Suggestions for Improving Distributor Algorithm Implementation

Question

Suggestions for Improving Distributor Algorithm Implementation

I have a Visual Studio 2008 C ++ application where I use a custom allocator for standard containers, so their memory comes from a memory mapped file, not from a heap. This valve is used for 4 different use cases:

Fixed-size 104-byte structure std::vector< SomeType, MyAllocator< SomeType > > foo;
200-byte fixed-size structure
304 byte fixed size structure.
n-byte lines std::basic_string< char, std::char_traits< char >, MyAllocator< char > > strn;

I need to be able to allocate approximately 32 MB for each of them.

The allocator monitors memory usage with std::map pointers to allocation size. typedef std::map< void*, size_t > SuperBlock; Each SuperBlock represents 4 MB of memory.

In case there is not enough space for one superblock, there is std::vector< SuperBlock > .

The algorithm used for the dispenser is as follows:

For each SuperBlock: is there a place at the end of the SuperBlock? put there distribution. (Quickly)
If not, search within each SuperBlock for enough free space and place the selection there. (Slow)
Nothing yet? select another SuperBlock and place the selection at the beginning of the new SuperBlock.

Unfortunately, step 2 can become VERY slow after a while. As I make copies of objects and destroy temporary variables, I get a lot of fragmentation. This causes a lot of deep searching in the memory structure. Fragmentation occurs because I have a limited amount of memory to work with (see note below)

Can anyone suggest improvements to this algorithm that will speed up the process? Do I need two separate algorithms (1 for fixed-size distributions and one for row distributor)?

Note. For those who need a reason: I use this algorithm on Windows Mobile, where the limit is 32 MB for the heap. This way a regular std::allocator will not trim it. I need to allocate a 1 GB allocation to a large area of memory in order to have enough space and what it does.

+6

c ++ algorithm allocator

Paulh May 17, '11 at 16:39

source share

6 answers

Do you have a separate memory allocation pool for each type of fixed size you use? Thus, there will be no fragmentation, since the selected objects will always be aligned along n-byte boundaries. Of course, this does not help for variable-length strings.
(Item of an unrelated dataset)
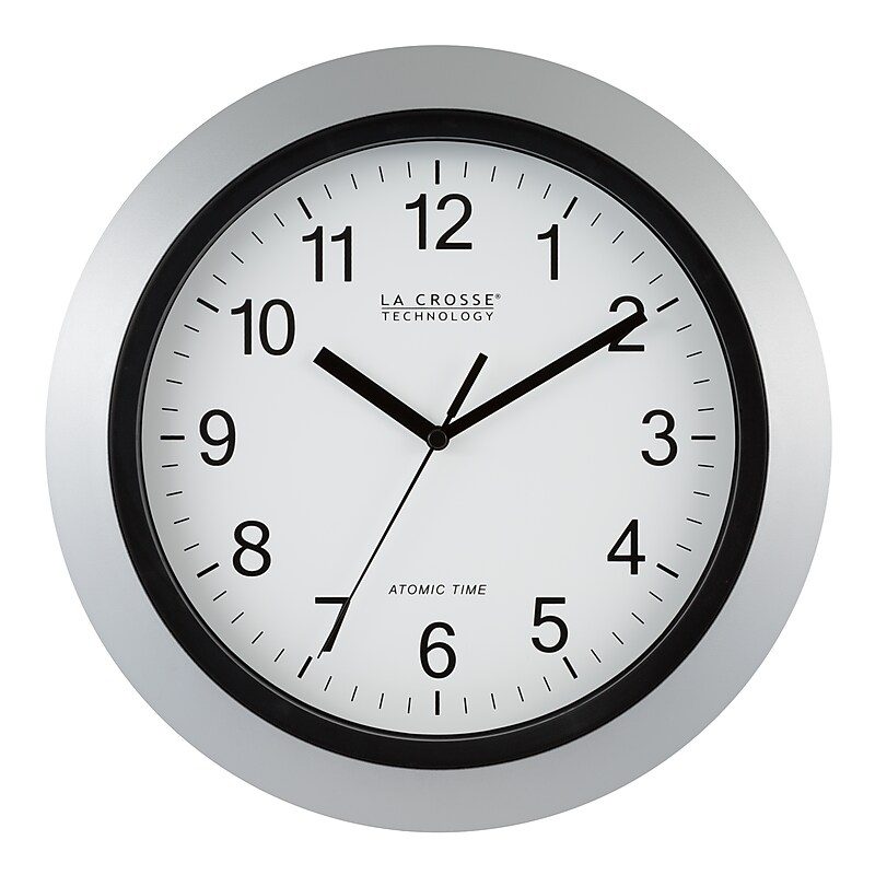 Keep track of time with impressive precision by using this atomic wall clock. Featuring large, bold numerals, this atomic clock offers easy visibility from across the room and keeps you on schedule by automatically setting itself to the exact time. This La Crosse Technology clock lets you choose between four time zone settings and automatically corrects for daylight saving time. Utilizes quartz movement mechanism. Runs on one AA battery (not included). White dial with black Arabic numbers. Daylight Saving Time automatically updates (On/Off option). Four time zones: Eastern, Central, Mountain, Pacific. Automatically sets to exact time. This clock makes use of atomic time with manual setting. 1-year manufacturer limited warranty. ⚠ WARNING: This product can expose you to chemicals including styrene, which is known to the State of California to cause cancer. For more information go to: www. P65Warnings. ca. gov. Upgrade your workplace with the style and precision of this La Crosse Technology 12-inch atomic wall clock.

Here is an example of placing small objects in Alexandrescu A modern C ++ design that illustrates this principle and may give you some ideas.

+6

Tim martin May 17, '11 at 16:49

source share

Based on Tim's answer, I personally would use something similar to BiBOP.

The basic idea is simple: use fixed-sized pools.

There are some clarifications.

Firstly, the size of the pools is usually fixed. It depends on your distribution procedure, as a rule, if you know which OS you are running on the card at least 4 KB at the same time, when you use malloc, then you use this value. For a memory mapped file, you can enlarge it.

The advantage of fixed-size pools is that it fights fragmentation very well. All pages are the same size, you can easily recycle a blank page with 256 bytes per 128-byte page.

There is still fragmentation for large objects that are usually allocated outside this system. But this is low, especially if you put large objects in several page sizes, so that the memory will be easily recyclable.

Secondly, how to handle pools? Using linked lists.

Pages are usually untyped (by themselves), so you have a free list of pages for preparing new pages and placing "recycled" pages.

For each size category, you have a list of "busy" pages in which memory is allocated. For each page you save:

placement size (for this page)
number of selected objects (for checking emptiness)
pointer to the first free cell
pointer to the previous and next page (may point to the "head" of the list)

Each free cell in itself is a pointer (or index, depending on your size) with the next free cell.

The list of "busy" pages of a given size is managed simply:

when deleting: if you clear the page, remove it from the list and drag it to the processed pages, otherwise update the list of free cells of this page (note: finding the beginning of the current page is usually a simple module operation at the address)
on insertion: search starting from the chapter, as soon as you find the page is incomplete, move it in front of the list (if it is not already specified) and insert your element

This layout is really memory efficient, and only one page is for indexing.

For applications with multi-threaded / multi-processor processes, you will need to add synchronization (usually a mutex per page) if you can get inspiration from Google tcmalloc (try to find another page instead of blocking, use the -local cache stream to remember which page you used last time).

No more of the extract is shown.